_DIRECTIONS_. Among the entries below, which lines run from the line with "Прожектор светодиодный уличный" through the line with "Pembe kuvars, siyah"? Retype those, both ends included, exactly and without pictures.

_SUPPLIED INFORMATION_.
● ● ● ● ●

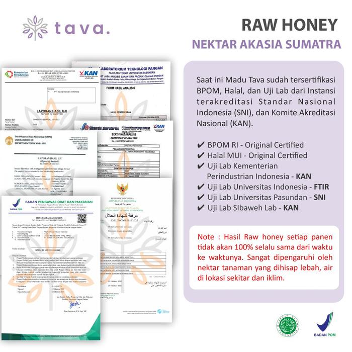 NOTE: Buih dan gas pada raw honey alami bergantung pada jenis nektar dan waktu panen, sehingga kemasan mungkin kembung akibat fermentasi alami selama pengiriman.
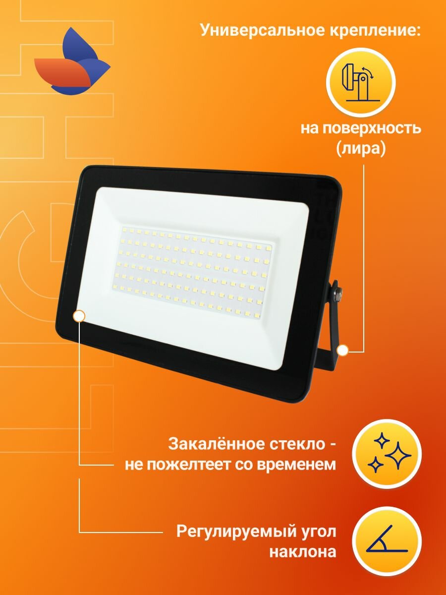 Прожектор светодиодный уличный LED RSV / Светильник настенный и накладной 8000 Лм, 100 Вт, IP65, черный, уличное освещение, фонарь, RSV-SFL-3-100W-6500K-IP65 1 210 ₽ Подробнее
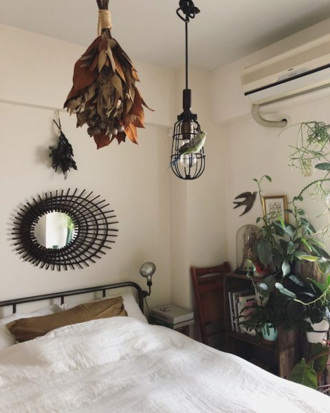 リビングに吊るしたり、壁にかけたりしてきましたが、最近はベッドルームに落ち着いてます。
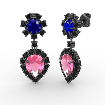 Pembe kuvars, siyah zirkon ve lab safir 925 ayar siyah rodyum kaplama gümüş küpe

● ● ● ● ●

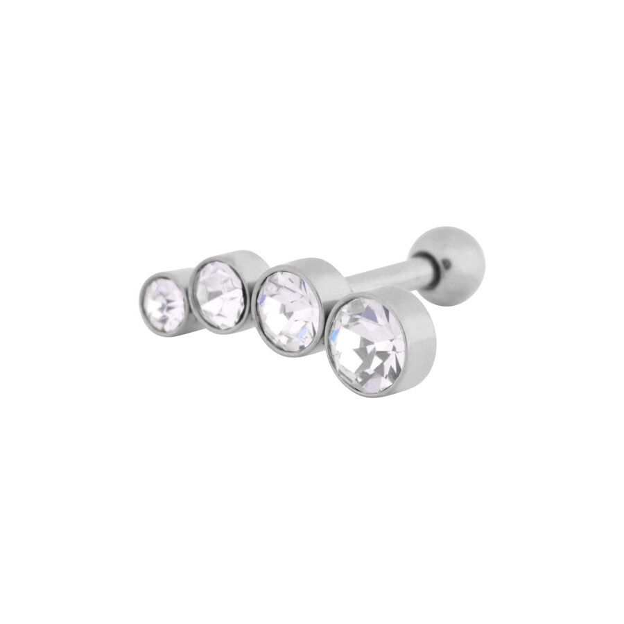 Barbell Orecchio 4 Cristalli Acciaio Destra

● ● ● ● ●

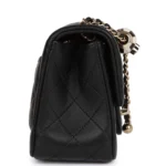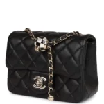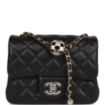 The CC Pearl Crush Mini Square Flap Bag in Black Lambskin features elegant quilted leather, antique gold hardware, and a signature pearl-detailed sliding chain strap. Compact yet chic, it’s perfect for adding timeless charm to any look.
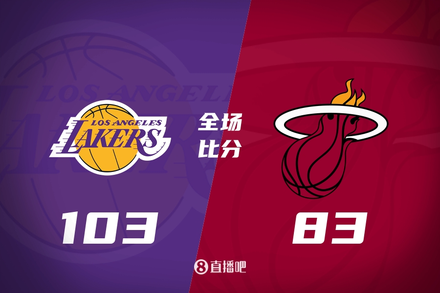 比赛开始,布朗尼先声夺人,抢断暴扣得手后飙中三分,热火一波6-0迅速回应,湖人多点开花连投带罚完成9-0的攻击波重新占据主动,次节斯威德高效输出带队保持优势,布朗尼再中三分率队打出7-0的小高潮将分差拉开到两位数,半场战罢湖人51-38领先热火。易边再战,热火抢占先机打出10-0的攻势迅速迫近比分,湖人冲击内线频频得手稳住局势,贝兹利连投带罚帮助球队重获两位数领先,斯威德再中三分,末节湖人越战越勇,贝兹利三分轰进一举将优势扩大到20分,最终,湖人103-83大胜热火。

● ● ● ● ●

_OUTPUT OF THE EXERCISE_.
 Прожектор светодиодный уличный LED RSV / Светильник настенный и накладной 8000 Лм, 100 Вт, IP65, черный, уличное освещение, фонарь, RSV-SFL-3-100W-6500K-IP65 1 210 ₽ Подробнее
 リビングに吊るしたり、壁にかけたりしてきましたが、最近はベッドルームに落ち着いてます。
 Pembe kuvars, siyah zirkon ve lab safir 925 ayar siyah rodyum kaplama gümüş küpe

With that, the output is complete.